[Aim of the task] An exact copy of every record is needed, with the pictures left out.

Records drawn from a dataset:

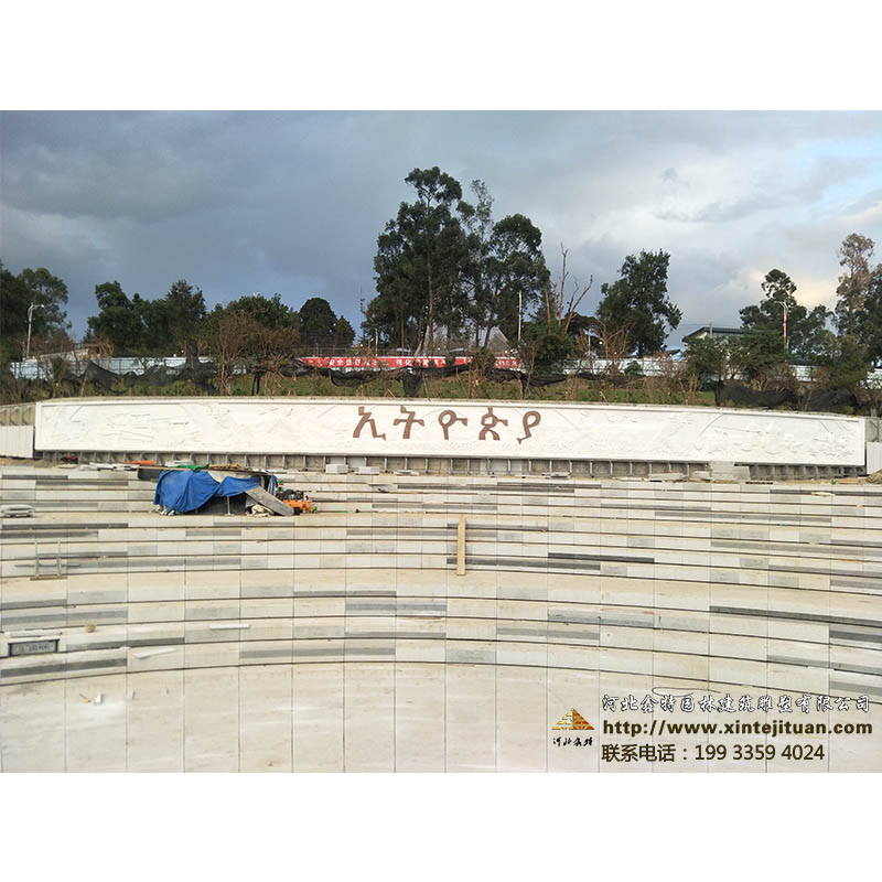 《埃塞赞歌》的浮雕墙采用装饰与写实手法雕刻,前景主要表现埃塞俄比亚最具代表性的植物苔麸、咖啡树、马蹄莲、玫瑰等,中景展现埃塞俄比亚高原、山峰、瀑布、动物、树木等自然风光和乐器、食物容器等人文文化,远景用图案化的方式展现远山、太阳光芒、彩虹及装饰纹样。金色阿姆哈拉语的“埃塞俄比亚”字体,凸显庄重。
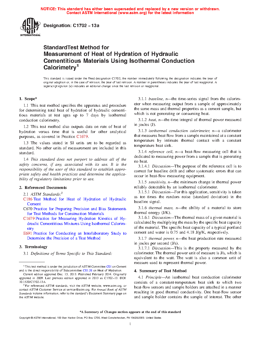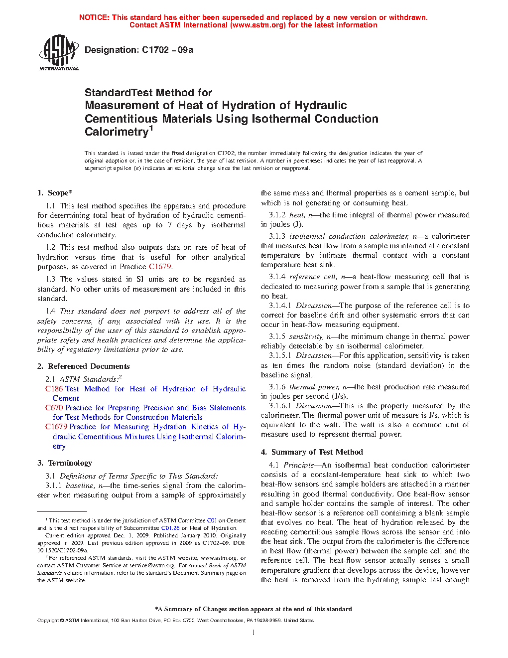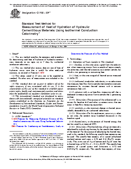 1.1 This test method specifies the apparatus and procedure for determining total heat of hydration of hydraulic cementitious materials at test ages up to 7 days by isothermal conduction calorimetry.
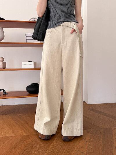 ワイドパンツ デニム レディース 春 秋 ロング丈 デニム パンツ 華奢見え 体型カバー おしゃれ 上品 ゆったり カジュアル ナチュラルカジュアル 着痩せ ボトムス ゆる 大きいサイズ トレンド
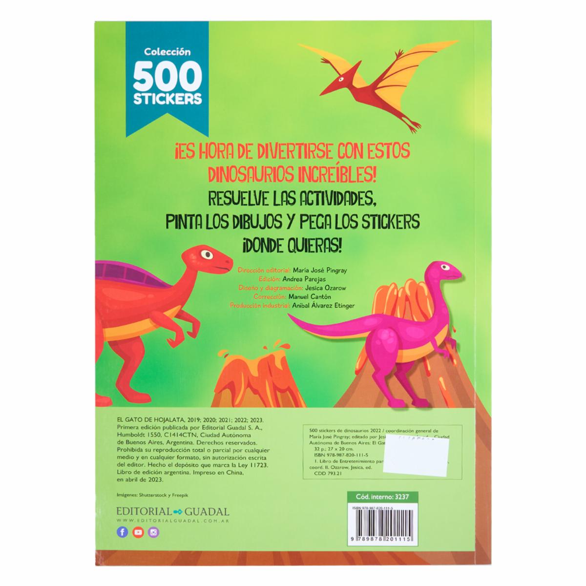 Libro 500 Stickers De Dinosaurios EL GATO DE HOJALATA 34 Páginas
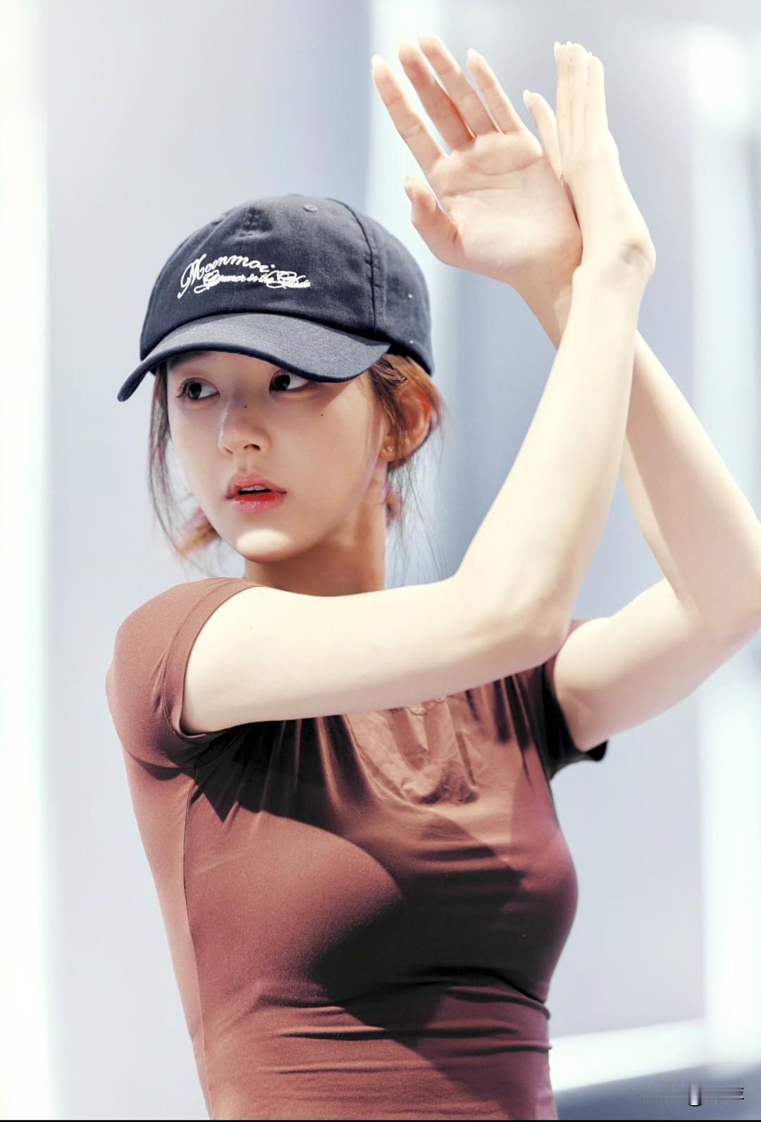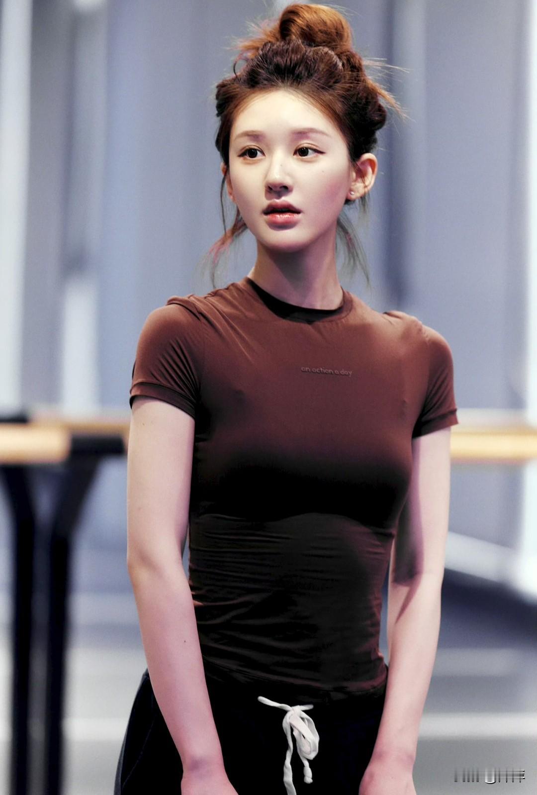 赵露思这组运动随拍也太有元气感了!高马尾配紧身咖色T恤,线条利落又清爽,笑起来眉
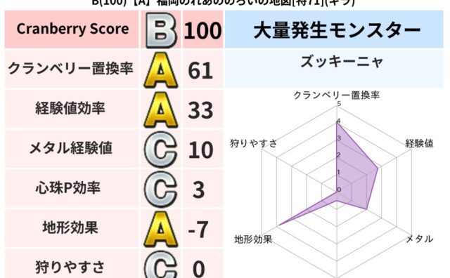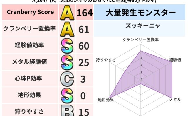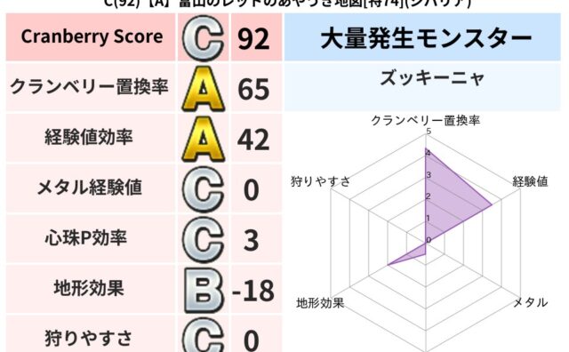 クランベリーボット判定結果の詳細クランベリースコア107クランベリー置換率62%大量発生モンスターズッキーニャ超耐性ヒャド(93%)超耐性・弱耐性なしジバリアこころ道 完全一致モンスターしりょうのきし大神官(舞道Lv5)キースドラゴン大魔道...
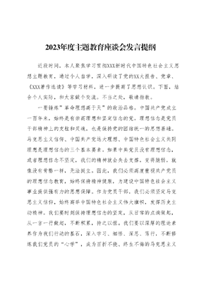 2023年度主题教育座谈会发言提纲近段时间,本人聚焦学习贯彻XXX新时代中国特色社会主义思想主题教育,通过个人自学,深入研读了党的XX大报告、党章、《XXX著作选读》等学习材料,进一步提高了思想认识。下面,结合个人实际,和大家做个交流。不当之处,敬请指教。一要锤炼革命理想高于天的政治品格。中国共产党成立一百年来,始终是有崇高理想和坚定信念的党。理想信念是党员干部精神上的支柱和灵魂,也是保持党的团结统一的思想基础。马克思主义信仰、中国共产党远大理想、中国特色社会主义共同理想是理想信念的三个基本要素。如果中共党员没有理想信念,或者理想信念不坚定,我们的精神就会失去支撑,变得脆弱,就像没有骨骼一样,无法挺立。因此,我们必须高度重视共产党员的理想信念教育,始终保持精神健康,为建设中国特色社会主义事业提供强有力的思想保障。作为党员干部,我们必须坚定马克思主义信仰,始终高举中国特色社会主义伟大旗帜,发挥历史主动精神。我们要时刻保持理想信念的坚定,从日常的点滴做起,从一言一行做起,不断积累,持之以恒。我们要以深厚的理论素养作为我们行动的基石,深入学习、细悟、深思、笃行,不断修炼我们党员的心学,成为百折不挠、终生不悔的马克思主义战士。我们的行动必须以国家利益为重,以民族利益为魂,不断推动党和人民的伟大事业向前发展。只有坚定信仰,把握历史主动,不断修炼自身,才能更好地履行党员干部的职责,为党和人民的事业不断作出贡献。二要彰显岂因祸福避趋之的铁血担当。显担当、抓落实是党的政治路线、思想路线、群众路线的根本要求,也是衡量领导干部党性和政绩观的重要标志。自学习贯彻XXX新时代中国特色社会主义思想主题教育全面启动以来,广大党员干部从XXX新时代中国特色社会主义思想中汲取奋发进取的智慧和力量,提高担当作为、干事创业能力水平,用心用力解决好群众之盼、改革之难发展之需中的急难愁盼问题,以新气象新作为新成效打开事业发展新天地。新征程是充满光荣和梦想的远征,没有捷径,唯有实干。在前进的道路上,我们面临着许多重大的挑战、风险、阻力和矛盾。为了克服这些困难,我们需要依靠学习和实践来提升能力和担当。广大党员和干部应该从XXX新时代中国特色社会主义思想中汲取智慧和力量,掌握其中的领导方法、思想方法和工作方法,提高履职尽责的能力和水平。只有凝心聚力、不懈努力,才能推动中国式现代化取得新的进展和突破,充分展现XXX新时代中国特色社会主义思想鲜明的实践品格。虽然道路可能很短,但如果你不迈出脚步,就无法到达目的地;事情可能很小,但如果你不付诸实践,就无法取得成功。担当作为需要真抓实干、埋头苦干,不能只是空谈。在强国建设和民族复兴的新征程上,我们应该学习思想、加强党性、注重实践、建立新功,每一步都要将党的XX大作出的重大决策部署付诸行动,取得可见的成效。只有这样,我们才能创造出经得起历史和人民检验的实绩。三要追求心无百姓莫为官的崇高境界。XXX同志一贯强调心无百姓莫为官,要求广大干部牢记凡是为民造福的事一定要千方百计办好,坚持把对上负责与对下负责一致起来,始终与人民心在一起、苦在一起、干在一起。这些点点滴滴可亲可感,需要我们认真学习体会并真正转化运用到为民服务的新时代实践中去。作为党员干部,我们要勇于履行好自己的职责,心里要时刻装着群众,想着群众,所谓群众事无小事。更要深知基层工作事关百姓安全,事关党和政府的形象,我们在处理工作的时候,要正确看待得失,把逆境和挫折看作人生阅历的财富,把服务群众摆在首位,工作中要明确目标,端正态度做到无惧无畏,沉着冷静,竭尽全力为老百姓多办实事,办好事。我就讲这些,谢谢。
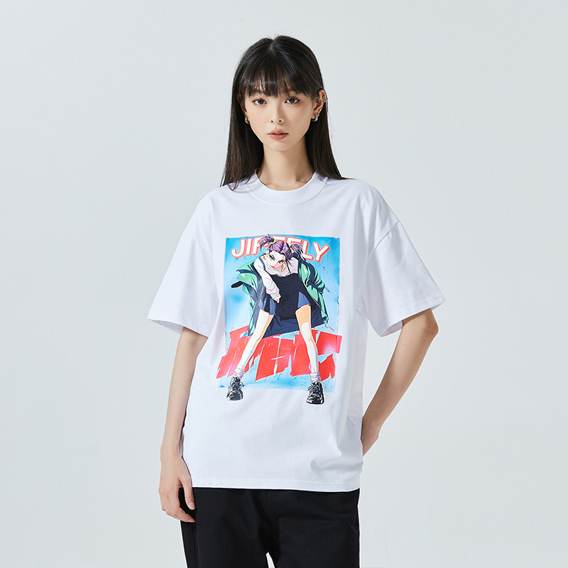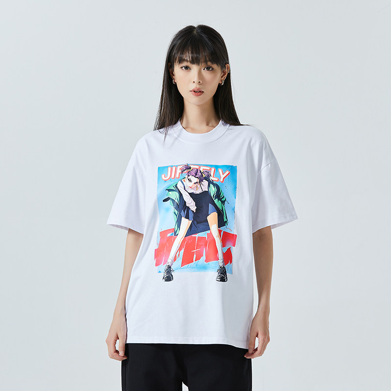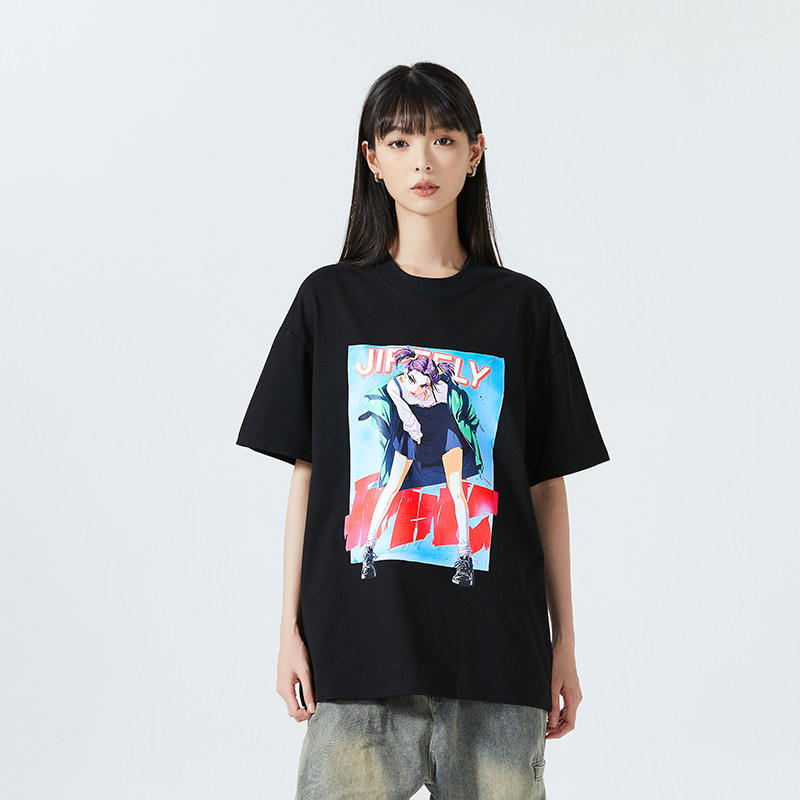Jifffly短袖印花T恤女2025夏季爆款内搭黑色半袖新款宽松圆领上衣
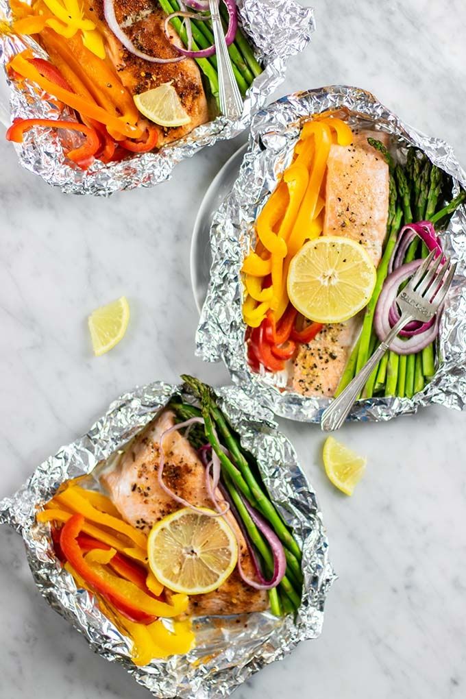 - Lay out a large piece of foil. Add a fillet of salmon in the center, and surround with chopped veggies. Season to taste with your choice of seasonings, and...
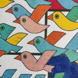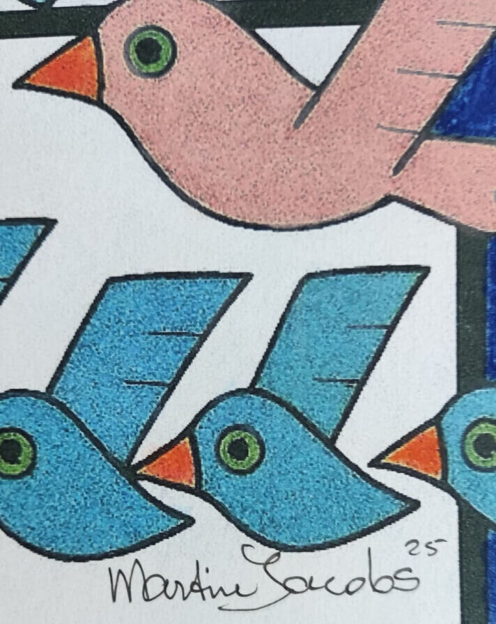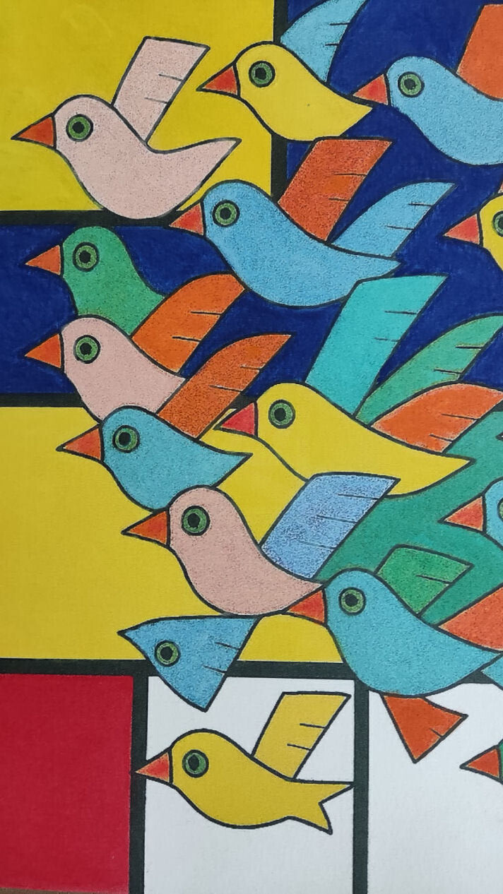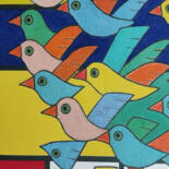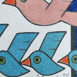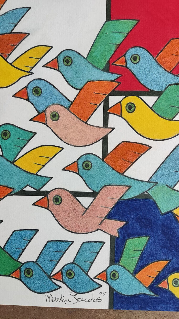In dit werk dansen mijn vogeltjes vrijuit door een wereld van lijnen en vlakken, als kinderen die niets liever doen dan spelen. Hun vleugels zijn licht, hun vormen eenvoudig, maar hun boodschap is helder: het leven is kleur, en spelen is hun taal.

[Response below]
 《埃塞赞歌》的浮雕墙采用装饰与写实手法雕刻,前景主要表现埃塞俄比亚最具代表性的植物苔麸、咖啡树、马蹄莲、玫瑰等,中景展现埃塞俄比亚高原、山峰、瀑布、动物、树木等自然风光和乐器、食物容器等人文文化,远景用图案化的方式展现远山、太阳光芒、彩虹及装饰纹样。金色阿姆哈拉语的“埃塞俄比亚”字体,凸显庄重。
 1.1 This test method specifies the apparatus and procedure for determining total heat of hydration of hydraulic cementitious materials at test ages up to 7 days by isothermal conduction calorimetry.
 ワイドパンツ デニム レディース 春 秋 ロング丈 デニム パンツ 華奢見え 体型カバー おしゃれ 上品 ゆったり カジュアル ナチュラルカジュアル 着痩せ ボトムス ゆる 大きいサイズ トレンド
 Libro 500 Stickers De Dinosaurios EL GATO DE HOJALATA 34 Páginas
 赵露思这组运动随拍也太有元气感了!高马尾配紧身咖色T恤,线条利落又清爽,笑起来眉
 クランベリーボット判定結果の詳細クランベリースコア107クランベリー置換率62%大量発生モンスターズッキーニャ超耐性ヒャド(93%)超耐性・弱耐性なしジバリアこころ道 完全一致モンスターしりょうのきし大神官(舞道Lv5)キースドラゴン大魔道...
 2023年度主题教育座谈会发言提纲近段时间,本人聚焦学习贯彻XXX新时代中国特色社会主义思想主题教育,通过个人自学,深入研读了党的XX大报告、党章、《XXX著作选读》等学习材料,进一步提高了思想认识。下面,结合个人实际,和大家做个交流。不当之处,敬请指教。一要锤炼革命理想高于天的政治品格。中国共产党成立一百年来,始终是有崇高理想和坚定信念的党。理想信念是党员干部精神上的支柱和灵魂,也是保持党的团结统一的思想基础。马克思主义信仰、中国共产党远大理想、中国特色社会主义共同理想是理想信念的三个基本要素。如果中共党员没有理想信念,或者理想信念不坚定,我们的精神就会失去支撑,变得脆弱,就像没有骨骼一样,无法挺立。因此,我们必须高度重视共产党员的理想信念教育,始终保持精神健康,为建设中国特色社会主义事业提供强有力的思想保障。作为党员干部,我们必须坚定马克思主义信仰,始终高举中国特色社会主义伟大旗帜,发挥历史主动精神。我们要时刻保持理想信念的坚定,从日常的点滴做起,从一言一行做起,不断积累,持之以恒。我们要以深厚的理论素养作为我们行动的基石,深入学习、细悟、深思、笃行,不断修炼我们党员的心学,成为百折不挠、终生不悔的马克思主义战士。我们的行动必须以国家利益为重,以民族利益为魂,不断推动党和人民的伟大事业向前发展。只有坚定信仰,把握历史主动,不断修炼自身,才能更好地履行党员干部的职责,为党和人民的事业不断作出贡献。二要彰显岂因祸福避趋之的铁血担当。显担当、抓落实是党的政治路线、思想路线、群众路线的根本要求,也是衡量领导干部党性和政绩观的重要标志。自学习贯彻XXX新时代中国特色社会主义思想主题教育全面启动以来,广大党员干部从XXX新时代中国特色社会主义思想中汲取奋发进取的智慧和力量,提高担当作为、干事创业能力水平,用心用力解决好群众之盼、改革之难发展之需中的急难愁盼问题,以新气象新作为新成效打开事业发展新天地。新征程是充满光荣和梦想的远征,没有捷径,唯有实干。在前进的道路上,我们面临着许多重大的挑战、风险、阻力和矛盾。为了克服这些困难,我们需要依靠学习和实践来提升能力和担当。广大党员和干部应该从XXX新时代中国特色社会主义思想中汲取智慧和力量,掌握其中的领导方法、思想方法和工作方法,提高履职尽责的能力和水平。只有凝心聚力、不懈努力,才能推动中国式现代化取得新的进展和突破,充分展现XXX新时代中国特色社会主义思想鲜明的实践品格。虽然道路可能很短,但如果你不迈出脚步,就无法到达目的地;事情可能很小,但如果你不付诸实践,就无法取得成功。担当作为需要真抓实干、埋头苦干,不能只是空谈。在强国建设和民族复兴的新征程上,我们应该学习思想、加强党性、注重实践、建立新功,每一步都要将党的XX大作出的重大决策部署付诸行动,取得可见的成效。只有这样,我们才能创造出经得起历史和人民检验的实绩。三要追求心无百姓莫为官的崇高境界。XXX同志一贯强调心无百姓莫为官,要求广大干部牢记凡是为民造福的事一定要千方百计办好,坚持把对上负责与对下负责一致起来,始终与人民心在一起、苦在一起、干在一起。这些点点滴滴可亲可感,需要我们认真学习体会并真正转化运用到为民服务的新时代实践中去。作为党员干部,我们要勇于履行好自己的职责,心里要时刻装着群众,想着群众,所谓群众事无小事。更要深知基层工作事关百姓安全,事关党和政府的形象,我们在处理工作的时候,要正确看待得失,把逆境和挫折看作人生阅历的财富,把服务群众摆在首位,工作中要明确目标,端正态度做到无惧无畏,沉着冷静,竭尽全力为老百姓多办实事,办好事。我就讲这些,谢谢。
Jifffly短袖印花T恤女2025夏季爆款内搭黑色半袖新款宽松圆领上衣
 - Lay out a large piece of foil. Add a fillet of salmon in the center, and surround with chopped veggies. Season to taste with your choice of seasonings, and...
In dit werk dansen mijn vogeltjes vrijuit door een wereld van lijnen en vlakken, als kinderen die niets liever doen dan spelen. Hun vleugels zijn licht, hun vormen eenvoudig, maar hun boodschap is helder: het leven is kleur, en spelen is hun taal.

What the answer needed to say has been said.